- [EXERCISE]: Every line from the one holding "This softly tailored" through the one holding "在这套三枚一组的珠宝中,帆布" in the data below must be returned exactly, both ends included, with pictures left out and nothing else added.

- [RECORDS FOR PROCESSING]:
______
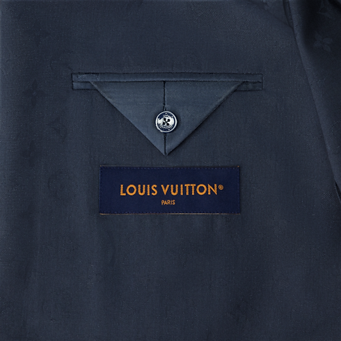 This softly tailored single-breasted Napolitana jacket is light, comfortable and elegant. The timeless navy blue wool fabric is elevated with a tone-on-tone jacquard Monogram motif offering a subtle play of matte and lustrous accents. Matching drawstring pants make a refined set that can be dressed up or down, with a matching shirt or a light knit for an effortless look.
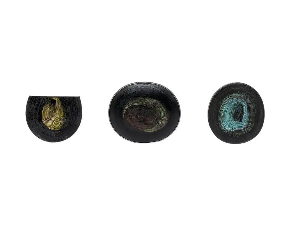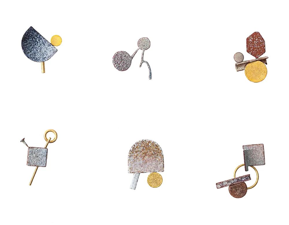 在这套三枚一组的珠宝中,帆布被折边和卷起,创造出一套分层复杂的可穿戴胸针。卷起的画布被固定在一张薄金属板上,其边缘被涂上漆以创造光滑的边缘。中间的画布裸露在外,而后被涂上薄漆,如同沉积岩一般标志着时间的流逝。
______
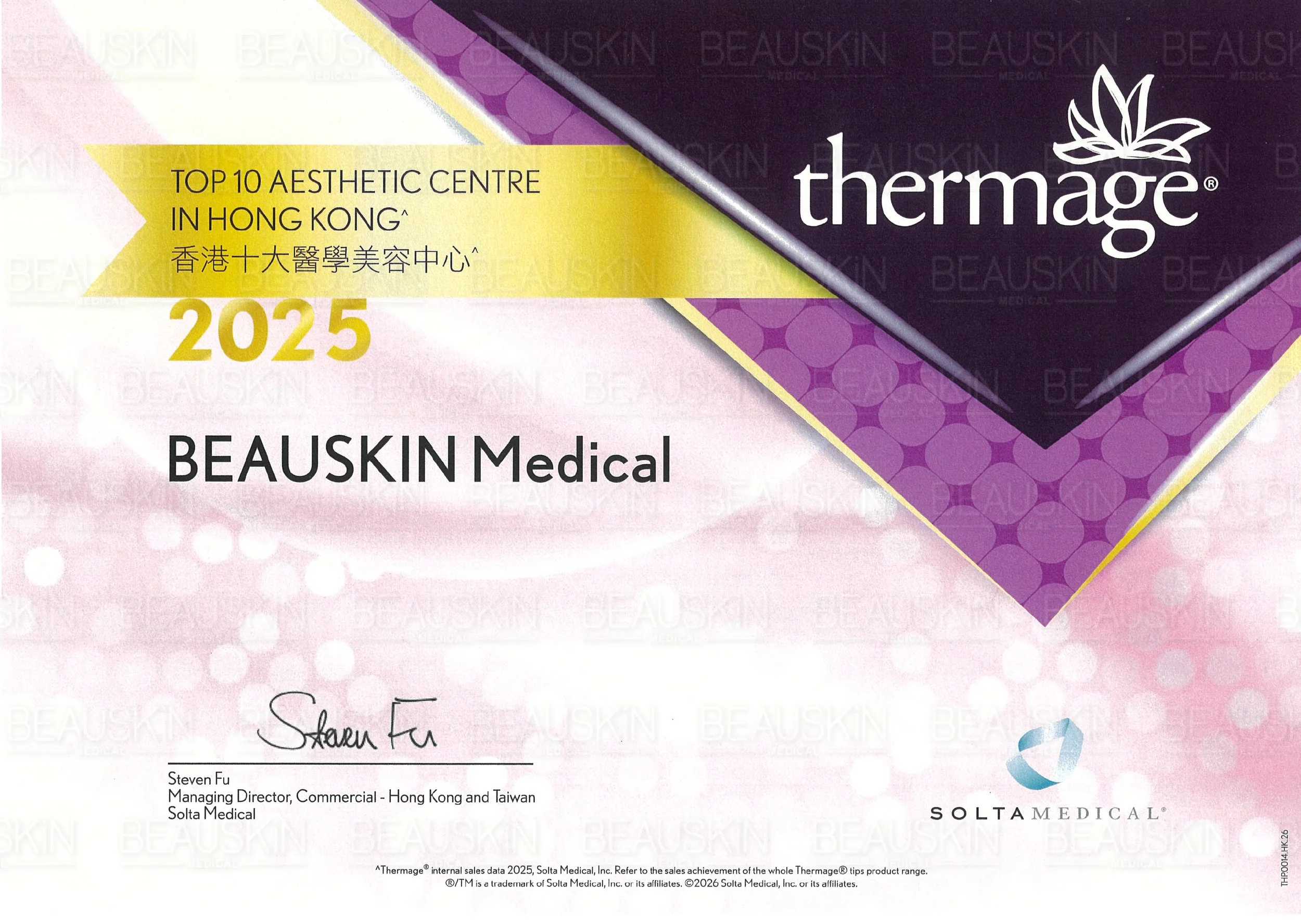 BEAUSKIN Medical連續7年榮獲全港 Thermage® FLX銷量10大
______
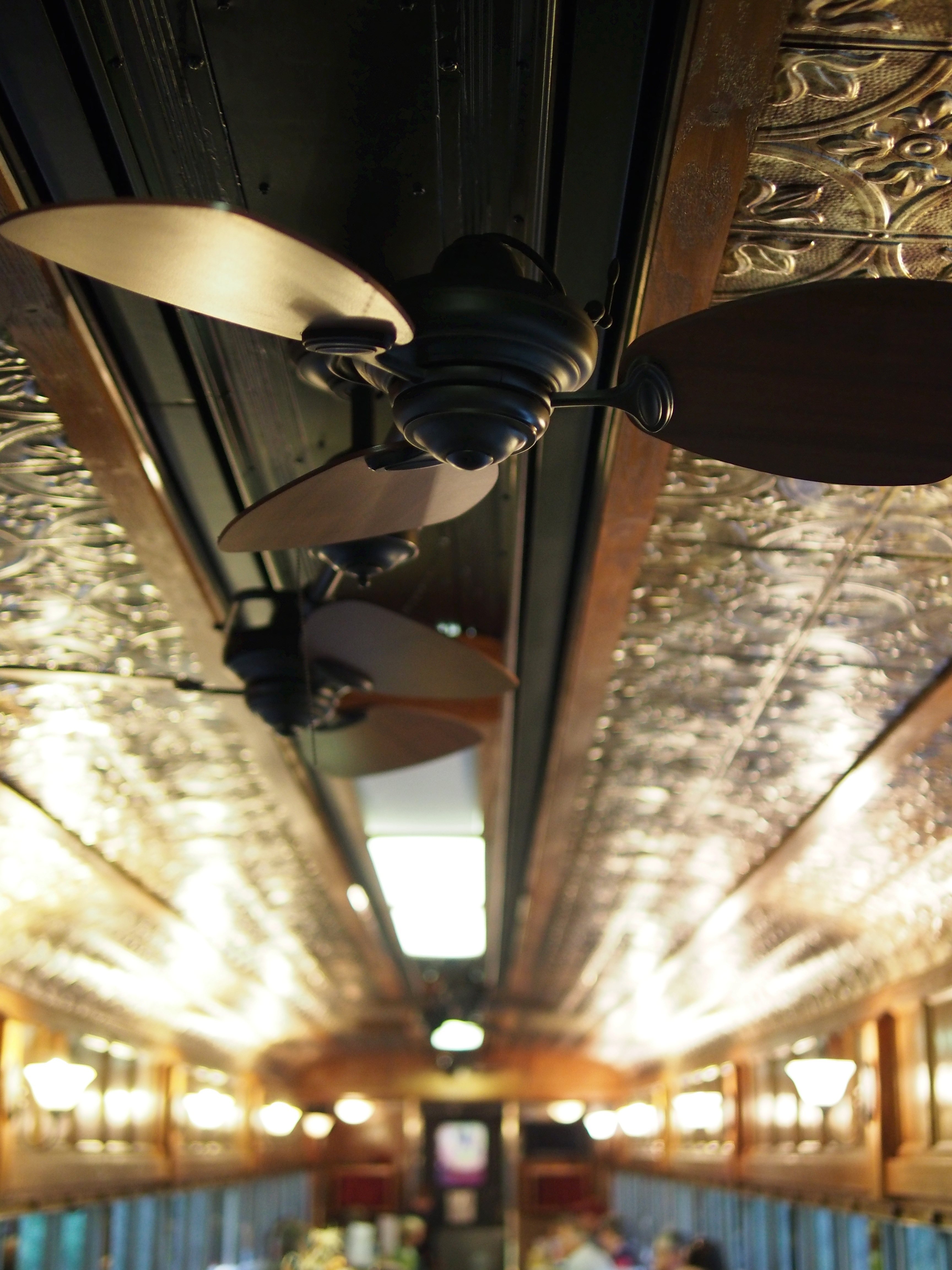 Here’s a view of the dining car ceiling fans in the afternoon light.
______
- [WRITTEN REPLY]:
 This softly tailored single-breasted Napolitana jacket is light, comfortable and elegant. The timeless navy blue wool fabric is elevated with a tone-on-tone jacquard Monogram motif offering a subtle play of matte and lustrous accents. Matching drawstring pants make a refined set that can be dressed up or down, with a matching shirt or a light knit for an effortless look.
 在这套三枚一组的珠宝中,帆布被折边和卷起,创造出一套分层复杂的可穿戴胸针。卷起的画布被固定在一张薄金属板上,其边缘被涂上漆以创造光滑的边缘。中间的画布裸露在外,而后被涂上薄漆,如同沉积岩一般标志着时间的流逝。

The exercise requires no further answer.